White Square Fine Books & Art is nestled in the town of Easthampton, Mass., deep in the heart of the Pioneer Valley. Eileen Corbeil and her husband purchased a beautiful old building at 86 Cottage Street in April 2010, and spent nine months renovating the space, opening the store in December 2010. The name White Square is borrowed from La Place Blanche, one of the small plazas along the Boulevard de Clichy in Paris, where, in the early 1900s, clouds of chalky dust were churned up by carts carrying plaster of Paris and where Degas, Picasso and other artists lived and worked.
Why did you open a bookstore in the Pioneer Valley?
Eileen: We needed a place to shelve and organize the thousands of books that filled our home and were making the floor joists sag! Though we also hoped to encourage reading and a love for books, and add a literary dimension to our artistic and musical hometown.
What’s your favorite section in the store?
No easy answer since I love stocking the shelves and working the counter, greeting regulars or meeting new people, especially children. Perhaps because it happens too infrequently, I love working quietly in the basement where our rare and collectible books are housed and where I can (without interruption) do research on inscriptions, signatures, first editions, etc.
If you had infinite space what would you add?
I would expand in three areas: (1) more and better space to display rare books and host interesting exhibitions; (2) more and better space for children, including a welcoming and fun event space; and (3) space to offer the occasional high tea like you might find in Cornwall and Devon.
What do you do better than any other bookstore?

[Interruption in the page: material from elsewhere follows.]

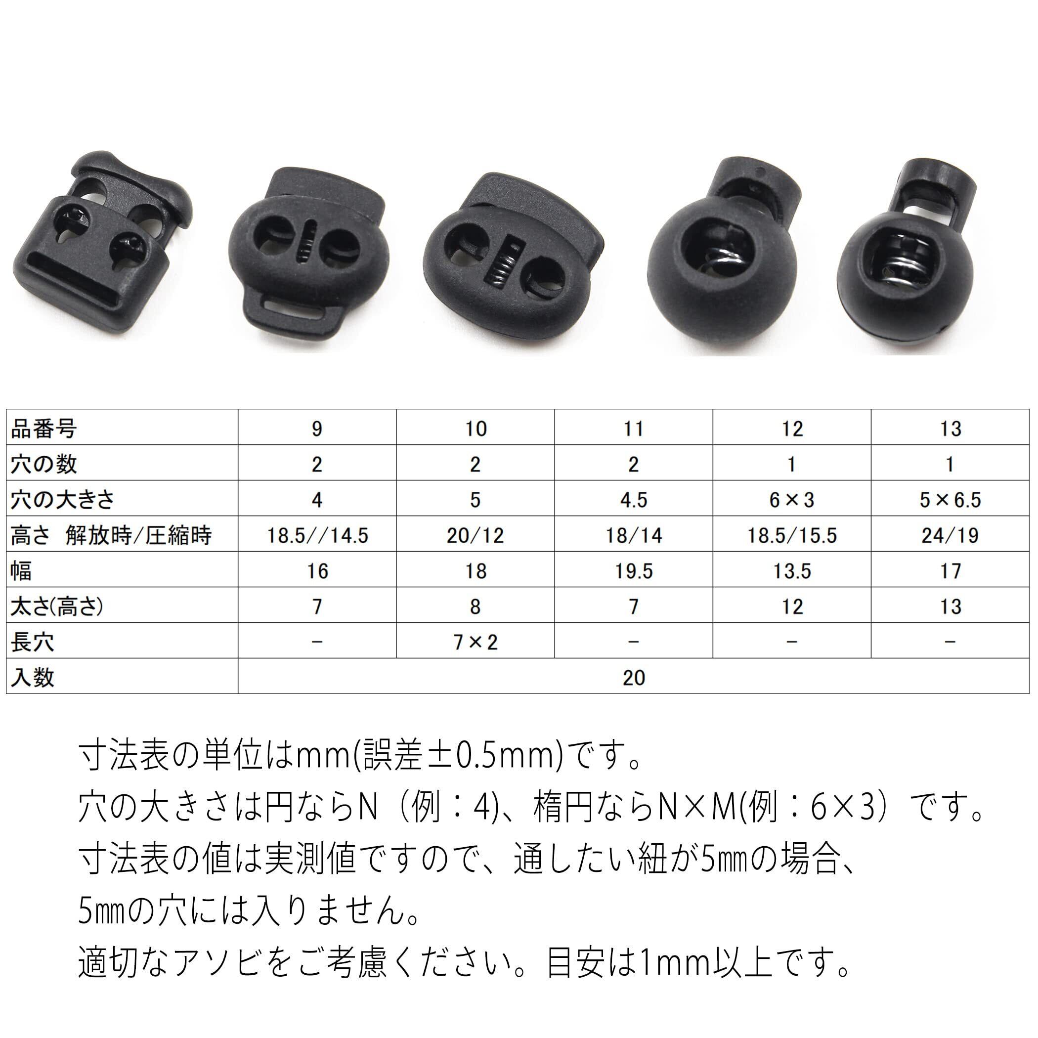 2つ穴のコードアジャスター、20個セットです。穴径4mm。3mmまでの紐に使えます。紐の太さ・摩擦に左右されますが、穴1つ通しで1000gの静荷重に耐えられます。パーカーやジャージ、ウィンドブレーカーの、ゴムや紐の調整、コードストッパー、コードエンド、コードロック、シューズクリップの紐止めとしてご利用ください。

We do great events with authors and artists. At our annual Bloomsday lunch we’ll read and discuss a portion of Ulysses and enjoy a light Leopold Bloom-type lunch. We sponsored Easthampton’s first Book Festival in April on a shoestring budget and attracted more than 1,000 people to the 20 or so events. Plus, I have a knack for finding cool and collectible items of interest to bibliophiles (see the Americana catalog).
What’s the oddest situation you’ve ever had to deal with in the store?
Customers (and their dogs) have always been great!
What’s your earliest/best memory about visiting a bookstore as a child?
I grew up in rural Vermont where there were no bookstores. We relied on the regional lending library, which deposited books in our neighbor Stella’s dining room once a month. I adored choosing and checking out books, especially because Stella was a great cook and usually offered me a homemade donut.
If you weren’t running/working at a bookstore what would you be doing?
I’d still be working in a senior management position in higher education. And wishing I were running a bookstore…
What’s been the biggest surprise about running a bookstore?
I opened the bookstore because it seemed like it would be fun for me (and it is). But I’ve learned that bookstores are integral to the intellectual life of a community, and filling this need (and being able to sustain the effort) has been incredibly rewarding.
The staff shelf
What is Eileen reading?
-
The Hill Bachelors by William Trevor (2000). “My favorite piece of writing by William Trevor is The Hill Bachelors, one of a dozen stories in the collection of the same name. Paulie, the unmarried son of an Irish farmer, returns home to take care of his mother and the dying farm after his father’s death. Over the course of this 22-page story he loses his fiancé (“Jeez! What would I do on a farm?”) and becomes on of the many bachelor hidden among the hills of western Ireland: ‘Enduring, unchanging, the hills had waited for him, claiming one of their own.’ Each time I read this story I discover new subtleties and feel more empathy. It’s masterful.”
- Daughter of the East by Benazir Bhutto (1988). “Benazir Bhutto inscribed her 1988 autobiography to Senator Claiborne Pell, who had worked to secure Bhutto’s release from prison in the early 1980’s. Given that she spent so much time in detention and under tight security, books signed by Bhutto are quite rare. Her lovely inscription to the intrepid, eccentric, and long-serving Rhode Island senator makes this a very special book.”
-
The Most Dangerous Book: The Battle for James Joyce’s Ulysses by Kevin Birmingham (2014). “Sylvia Beach has been my idol for many years, so it meant a great deal that when The Most Dangerous Book was published last summer, Kevin agreed to travel nearly 200 round-trip miles from Cambridge for an author event at White Square. This mix of literary biography and cultural history offers still-relevant cautions about the peril of censorship and the hypocrisy of moral bullies.”